In the presence of population stratification, association testing of \({\varvec{G}}_{ij}\) with \(Y_{ij}\) in models (1) and (2) may lead to spurious association due to the underlying differences in allele frequencies of the subpopulations. However, for family studies, family members can be used as internal controls, where an expected genotype can be constructed using the family members’ information. Tests based on the within-family component (deviation of observed genotype from expected within family) will not be influenced by population structure, even in the most extreme case, where each of the N pedigrees is drawn from a different population. Here, we leverage the work of Abecasis et al. [1] and present the method to calculate transmission scores for individuals in general pedigrees.

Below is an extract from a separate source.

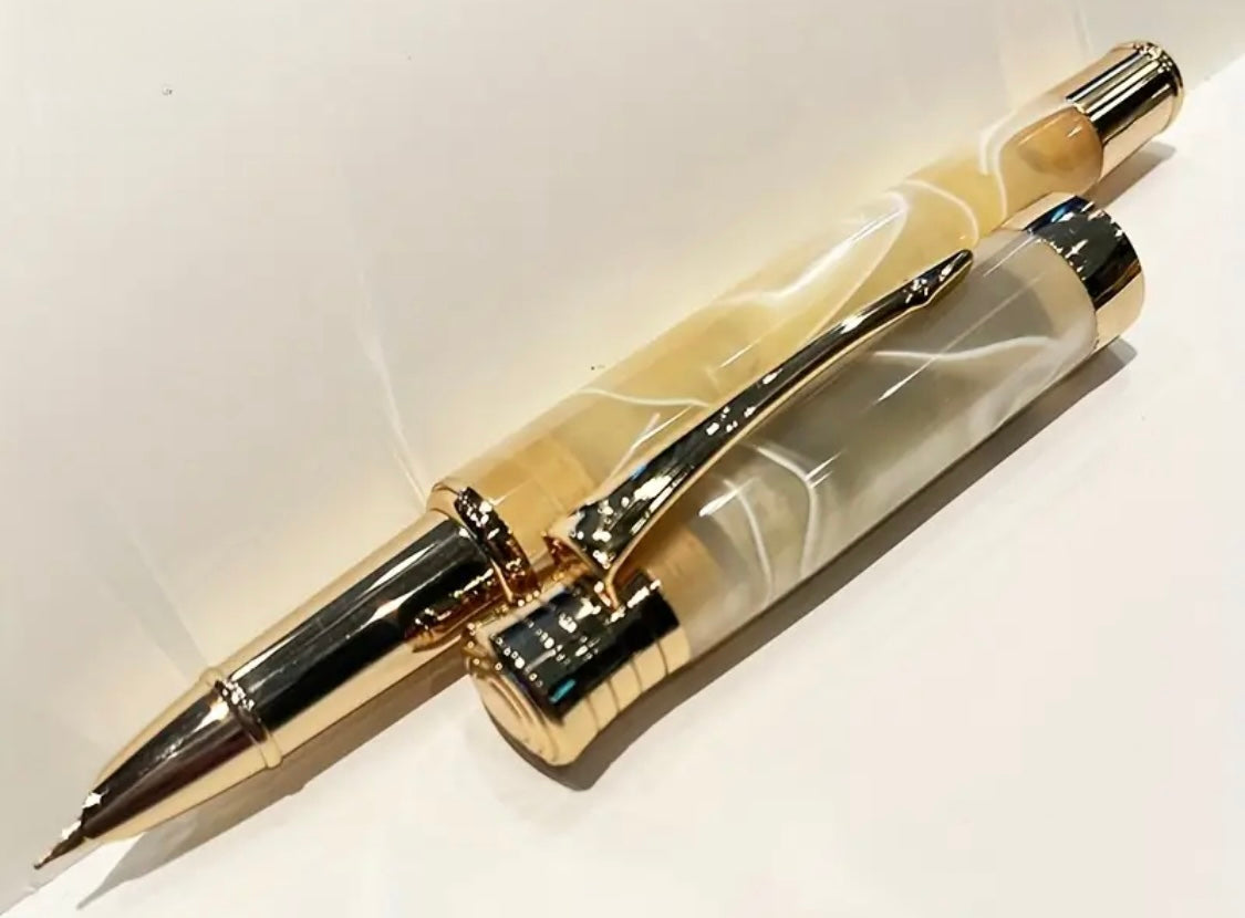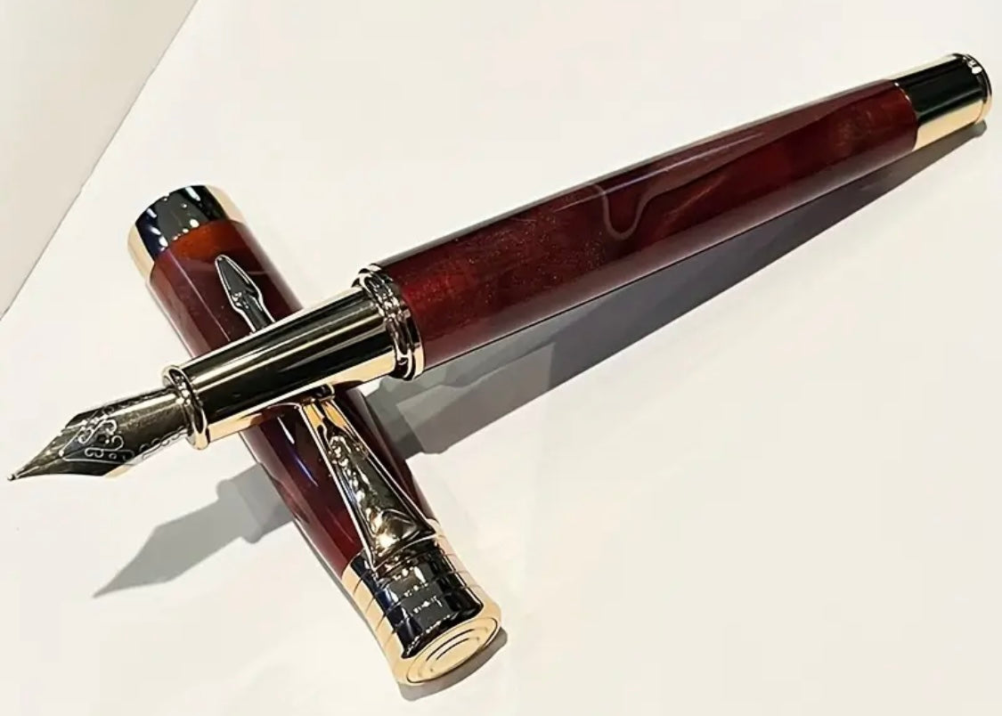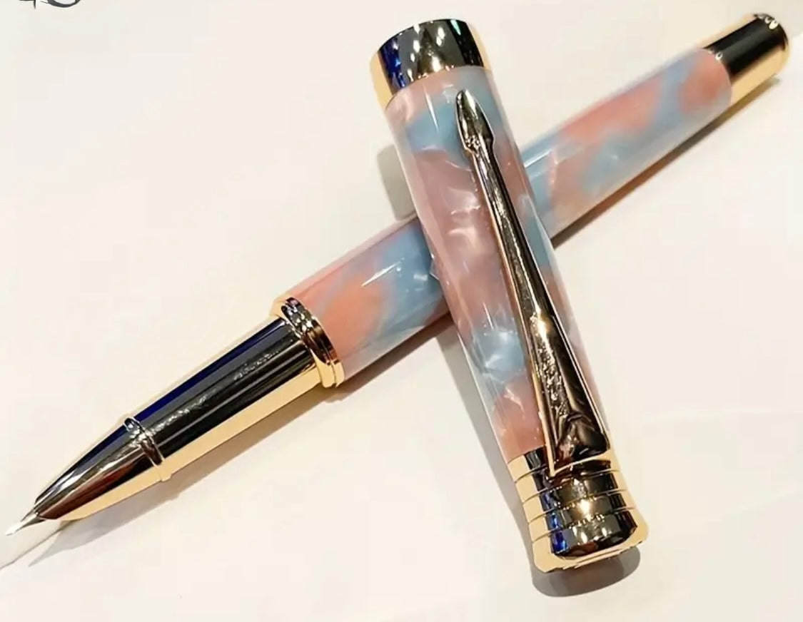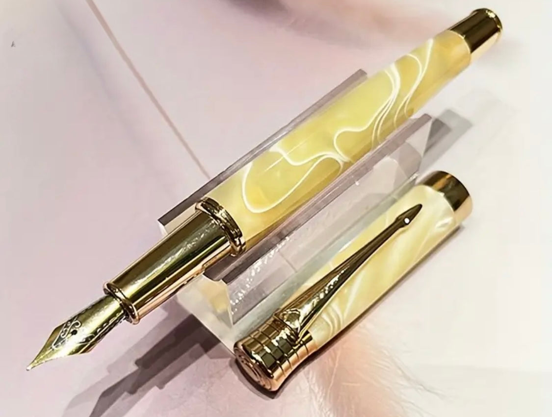 Beautiful resin pens with Fine nib and gold plates trip work. Feels like they should cost much more than they do. Comes with converter and gift box. Available in Beige/ivory, Amber and Pink.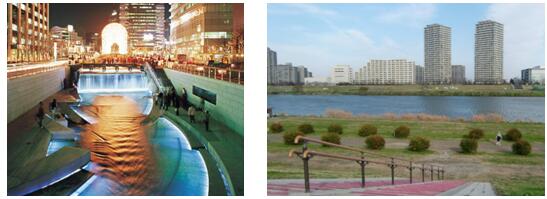 請注意概念中的“有限度”和“輔助”兩詞,在水生態(tài)修復(fù)中起決定作用的仍應(yīng)為自然修復(fù),工程僅為輔助河(湖)自我修復(fù)過程。圖1中左圖為清溪川城市段,其之所以在治理后得到很多人贊許,并非因為其生態(tài)性,而因其景觀優(yōu)美,景雖美卻無處不流漏出人工斧鑿的痕跡,圖1右圖為多摩川城市段,其雖不如清溪川華麗卻有著“清水出芙蓉,天然去雕飾?!钡臏喨惶斐傻拿栏小?/p>

The QTDT framework [1] for general pedigrees decomposes a genotype into a between-family component (which is sensitive to population stratification) and a within-family component (which is robust to population stratification). For relative j in family i,  let \({\varvec{B}}_{ij}\) and \({\varvec{W}}_{\varvec{ij}}\) denote vectors of between-family and within-family genotype components for the s rare-variant genotypes in \({\varvec{G}}_{{\varvec{ij}}}.\) Assuming all parents in the pedigree are genotyped, the between-family component for founders (with no ancestors included in the pedigree) will be equal to their observed genotypes, while the between-family component for non-founders at each rare-variant genotype is equal to the average genotype of the between-family components of that individual’s parents: such that \({\varvec{B}}_{{ij}} =\frac{{\varvec{B}}_{{{M}}_{{ij}} } +{\varvec{B}}_{{F}_{ij} } }{2}.\) Using the pedigree in Fig. 1 as an example, suppose all the individuals in the pedigree are genotyped. Suppressing the family index for ease of presentation, the between-family components for founders 1, 2, 3, and 4 are \({\varvec{B}}_{1}={\varvec{G}}_{{1}},\, {\varvec{B}}_{{2}}={\varvec{G}}_{{2}},\, {\varvec{B}}_{{3}}={\varvec{G}}_{{3}},\, {\varvec{B}}_{{4}}={\varvec{G}}_{{4}},\) respectively. For the non-founders in the second generation, the between-family component for individual 5 is \({\varvec{B}}_{{5}} =\frac{{\varvec{B}}_{{1}} +{\varvec{B}}_{{2}} }{2},\) and between-family component for 6 is \({\varvec{B}}_{{6}} =\frac{{\varvec{B}}_{{3}} +{\varvec{B}}_{4} }{2}.\) For the non-founders in the third generation, the between-family components for individuals 7–10 are \(\frac{{\varvec{B}}_{{5}} +{\varvec{B}}_{{6}} }{2}=\frac{{\varvec{B}}_{{1}} +{\varvec{B}}_{{2}} +{\varvec{B}}_{{3}} +{\varvec{B}}_{{4}} }{{4}}.\) It can be seen that, in the situation where all founders are genotyped, the between-family component of any non-founder is calculated as follows:

$$\begin{aligned} {\varvec{B}}_{ij} =\mathop \sum \limits _{f\in F} 2\varphi _{ijf} {\varvec{G}}_{if}, \end{aligned}$$
(5)

where in the ith family, f is the index of founders, \({\varvec{G}}_{if}\) is the rare-variant genotype vector of the founder, \(\varphi _{_{ijf}}\) is the kinship coefficient between individual j and founder f,  and F is the set of all the genotyped founders.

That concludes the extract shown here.